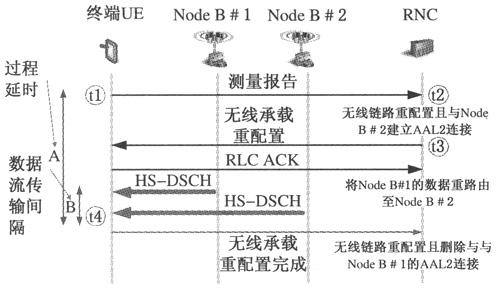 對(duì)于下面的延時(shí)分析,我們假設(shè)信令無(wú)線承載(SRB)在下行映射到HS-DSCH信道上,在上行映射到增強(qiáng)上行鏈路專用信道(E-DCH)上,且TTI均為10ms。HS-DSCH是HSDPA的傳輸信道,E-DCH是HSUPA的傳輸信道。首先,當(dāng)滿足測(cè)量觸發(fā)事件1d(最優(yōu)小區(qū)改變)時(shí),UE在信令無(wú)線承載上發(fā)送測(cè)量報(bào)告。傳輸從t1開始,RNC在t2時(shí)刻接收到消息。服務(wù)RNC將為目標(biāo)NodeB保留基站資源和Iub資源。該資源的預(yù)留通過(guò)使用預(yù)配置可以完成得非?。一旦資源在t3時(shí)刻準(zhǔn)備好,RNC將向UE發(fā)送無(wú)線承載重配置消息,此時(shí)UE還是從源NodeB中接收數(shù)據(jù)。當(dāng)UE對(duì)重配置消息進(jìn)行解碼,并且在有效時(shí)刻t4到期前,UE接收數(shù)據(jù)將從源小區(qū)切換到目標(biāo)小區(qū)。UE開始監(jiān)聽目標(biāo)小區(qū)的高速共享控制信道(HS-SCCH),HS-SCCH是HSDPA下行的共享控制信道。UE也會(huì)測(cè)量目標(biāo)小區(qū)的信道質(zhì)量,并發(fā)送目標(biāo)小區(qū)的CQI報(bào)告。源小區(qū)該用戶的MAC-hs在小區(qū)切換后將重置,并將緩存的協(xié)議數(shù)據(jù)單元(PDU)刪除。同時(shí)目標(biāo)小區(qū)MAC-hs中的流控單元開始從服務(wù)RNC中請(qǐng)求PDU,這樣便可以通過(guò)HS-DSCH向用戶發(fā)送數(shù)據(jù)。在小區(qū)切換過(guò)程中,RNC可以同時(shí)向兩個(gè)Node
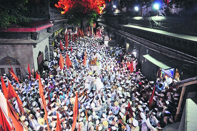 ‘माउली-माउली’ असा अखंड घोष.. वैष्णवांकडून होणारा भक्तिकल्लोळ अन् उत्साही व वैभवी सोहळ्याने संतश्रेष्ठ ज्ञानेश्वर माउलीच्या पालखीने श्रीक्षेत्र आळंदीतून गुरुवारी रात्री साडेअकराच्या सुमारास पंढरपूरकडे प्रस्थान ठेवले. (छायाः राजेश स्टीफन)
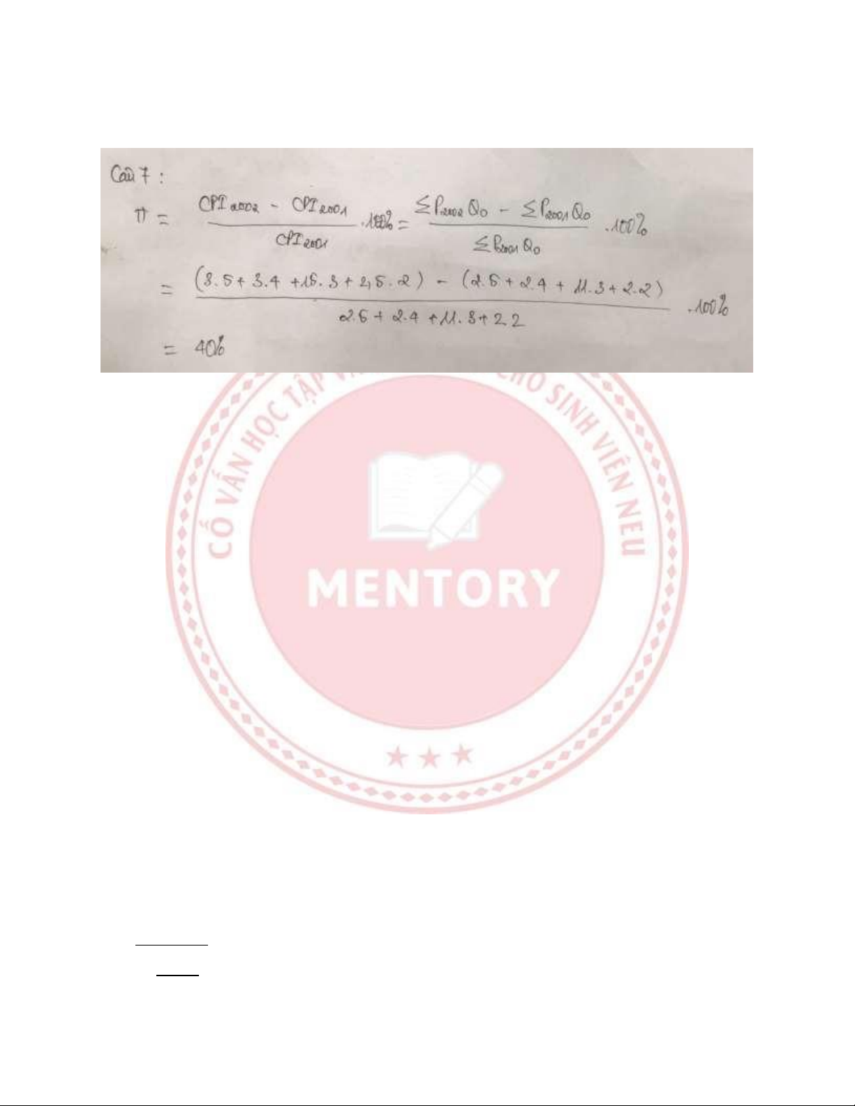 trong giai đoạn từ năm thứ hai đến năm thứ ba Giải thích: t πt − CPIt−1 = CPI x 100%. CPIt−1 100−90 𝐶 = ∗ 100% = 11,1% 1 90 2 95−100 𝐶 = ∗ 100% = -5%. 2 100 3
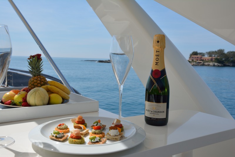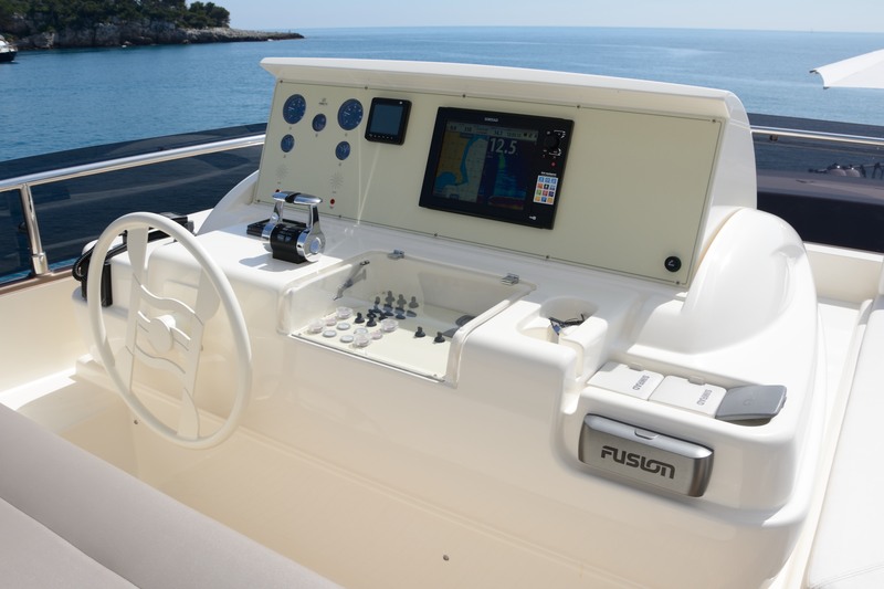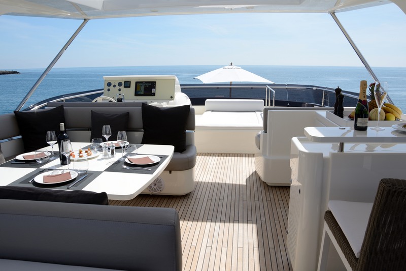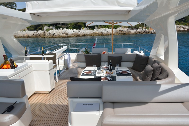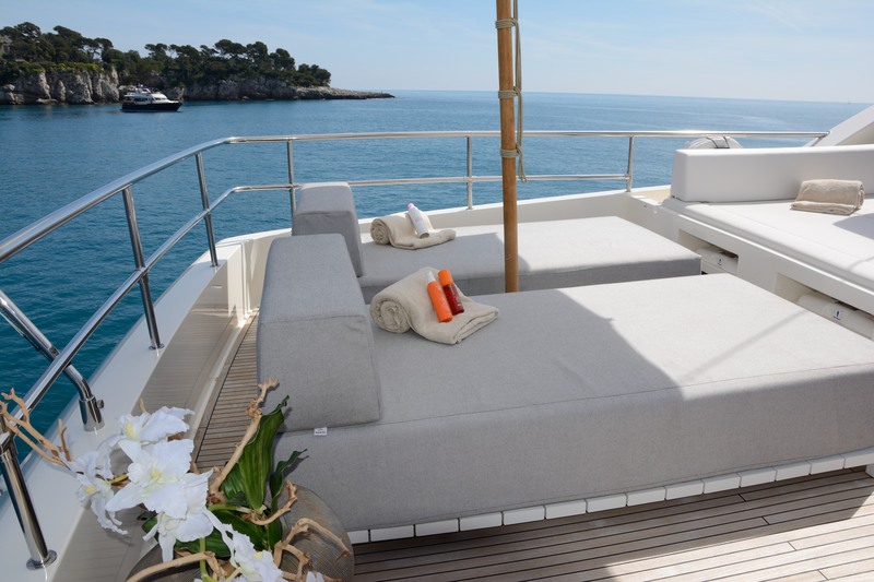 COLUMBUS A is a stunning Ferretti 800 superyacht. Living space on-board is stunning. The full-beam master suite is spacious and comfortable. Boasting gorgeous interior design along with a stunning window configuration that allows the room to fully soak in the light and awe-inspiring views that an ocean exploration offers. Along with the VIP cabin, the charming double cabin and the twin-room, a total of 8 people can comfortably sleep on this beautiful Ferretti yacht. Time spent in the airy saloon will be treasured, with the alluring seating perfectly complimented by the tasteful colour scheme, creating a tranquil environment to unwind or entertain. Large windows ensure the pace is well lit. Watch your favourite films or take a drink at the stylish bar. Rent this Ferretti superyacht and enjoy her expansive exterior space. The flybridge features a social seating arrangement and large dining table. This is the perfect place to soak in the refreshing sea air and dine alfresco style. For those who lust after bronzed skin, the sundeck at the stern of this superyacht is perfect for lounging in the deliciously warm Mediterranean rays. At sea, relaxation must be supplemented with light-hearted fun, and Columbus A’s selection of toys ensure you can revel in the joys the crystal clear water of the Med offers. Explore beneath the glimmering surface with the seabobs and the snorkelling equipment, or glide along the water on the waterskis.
━━━━━━
What the task asks
If pictures appear in the data, omit them and copy all other parts exactly.

Answer to this task
 對(duì)于下面的延時(shí)分析,我們假設(shè)信令無(wú)線承載(SRB)在下行映射到HS-DSCH信道上,在上行映射到增強(qiáng)上行鏈路專用信道(E-DCH)上,且TTI均為10ms。HS-DSCH是HSDPA的傳輸信道,E-DCH是HSUPA的傳輸信道。首先,當(dāng)滿足測(cè)量觸發(fā)事件1d(最優(yōu)小區(qū)改變)時(shí),UE在信令無(wú)線承載上發(fā)送測(cè)量報(bào)告。傳輸從t1開始,RNC在t2時(shí)刻接收到消息。服務(wù)RNC將為目標(biāo)NodeB保留基站資源和Iub資源。該資源的預(yù)留通過(guò)使用預(yù)配置可以完成得非?。一旦資源在t3時(shí)刻準(zhǔn)備好,RNC將向UE發(fā)送無(wú)線承載重配置消息,此時(shí)UE還是從源NodeB中接收數(shù)據(jù)。當(dāng)UE對(duì)重配置消息進(jìn)行解碼,并且在有效時(shí)刻t4到期前,UE接收數(shù)據(jù)將從源小區(qū)切換到目標(biāo)小區(qū)。UE開始監(jiān)聽目標(biāo)小區(qū)的高速共享控制信道(HS-SCCH),HS-SCCH是HSDPA下行的共享控制信道。UE也會(huì)測(cè)量目標(biāo)小區(qū)的信道質(zhì)量,并發(fā)送目標(biāo)小區(qū)的CQI報(bào)告。源小區(qū)該用戶的MAC-hs在小區(qū)切換后將重置,并將緩存的協(xié)議數(shù)據(jù)單元(PDU)刪除。同時(shí)目標(biāo)小區(qū)MAC-hs中的流控單元開始從服務(wù)RNC中請(qǐng)求PDU,這樣便可以通過(guò)HS-DSCH向用戶發(fā)送數(shù)據(jù)。在小區(qū)切換過(guò)程中,RNC可以同時(shí)向兩個(gè)Node
 ‘माउली-माउली’ असा अखंड घोष.. वैष्णवांकडून होणारा भक्तिकल्लोळ अन् उत्साही व वैभवी सोहळ्याने संतश्रेष्ठ ज्ञानेश्वर माउलीच्या पालखीने श्रीक्षेत्र आळंदीतून गुरुवारी रात्री साडेअकराच्या सुमारास पंढरपूरकडे प्रस्थान ठेवले. (छायाः राजेश स्टीफन)
 trong giai đoạn từ năm thứ hai đến năm thứ ba Giải thích: t πt − CPIt−1 = CPI x 100%. CPIt−1 100−90 𝐶 = ∗ 100% = 11,1% 1 90 2 95−100 𝐶 = ∗ 100% = -5%. 2 100 3
 COLUMBUS A is a stunning Ferretti 800 superyacht. Living space on-board is stunning. The full-beam master suite is spacious and comfortable. Boasting gorgeous interior design along with a stunning window configuration that allows the room to fully soak in the light and awe-inspiring views that an ocean exploration offers. Along with the VIP cabin, the charming double cabin and the twin-room, a total of 8 people can comfortably sleep on this beautiful Ferretti yacht. Time spent in the airy saloon will be treasured, with the alluring seating perfectly complimented by the tasteful colour scheme, creating a tranquil environment to unwind or entertain. Large windows ensure the pace is well lit. Watch your favourite films or take a drink at the stylish bar. Rent this Ferretti superyacht and enjoy her expansive exterior space. The flybridge features a social seating arrangement and large dining table. This is the perfect place to soak in the refreshing sea air and dine alfresco style. For those who lust after bronzed skin, the sundeck at the stern of this superyacht is perfect for lounging in the deliciously warm Mediterranean rays. At sea, relaxation must be supplemented with light-hearted fun, and Columbus A’s selection of toys ensure you can revel in the joys the crystal clear water of the Med offers. Explore beneath the glimmering surface with the seabobs and the snorkelling equipment, or glide along the water on the waterskis.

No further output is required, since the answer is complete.